Trapping of Rayleigh Spheroidal Particles Using Tightly Focused Higher-Order Vector Vortex Beams

Abstract

Considering the advantages of higher-order vector vortex beams (HOVVBs) with their diverse intensity distribution of the focal field and adjustable longitudinal field component, we investigated the optical forces and torques on Rayleigh spheroidal particles induced by tightly focused HOVVBs based on the Rayleigh scattering model and dipole approximation. It was found that the maximal optical forces were obtained when the major axis of the Rayleigh spheroidal particles was parallel to the x–y plane. We achieved the three-dimensional stable trapping of Rayleigh spheroidal particles at the focus by using an HOVVB. Further analysis showed that the optical torque caused the major axis of the spheroidal particle to rotate towards the x–y plane, which is conducive to the large-scale stable trapping of Rayleigh spheroidal particles in the two-dimensional plane.
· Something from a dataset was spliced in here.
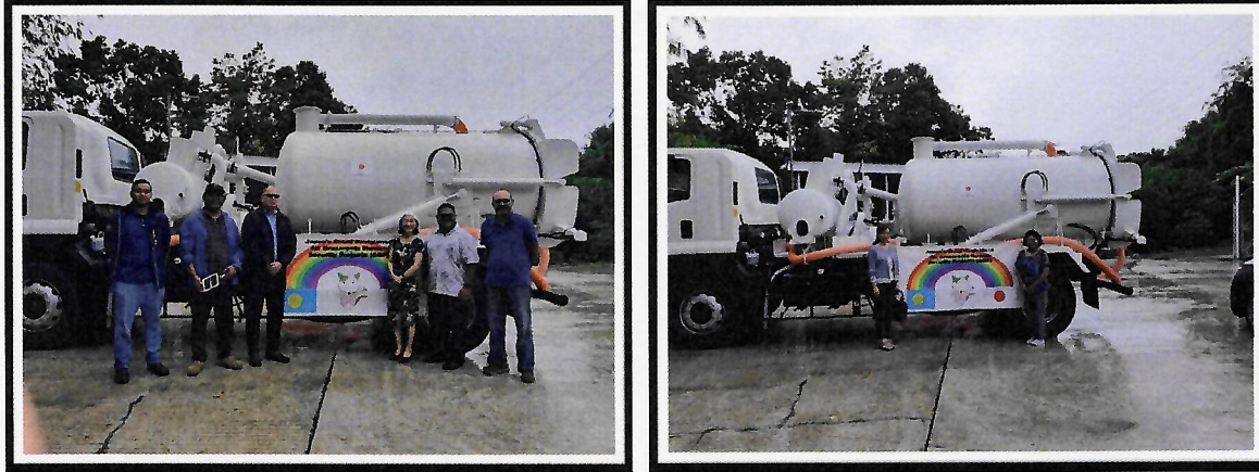
Handover ceremony on February 28, 2024

On February 28, 2024, the Vacuum Truck was turned over to the Palau Public Utilities Corporation’s Wastewater Operations in a formal Handover Ceremony shown below:

Moreover, the optical torque Γx could achieve a maximum of 0.869 pN·nm at φ0 = 90° and 270°, while Γy could achieve a maximum of 0.869 pN·nm at φ0 = 0° and 180° for the case of θ0 = 30°. Our findings provide a clear strategy for extending the degrees of freedom in the control of the beam. We envision a significant role for these results in optical micro-manipulation.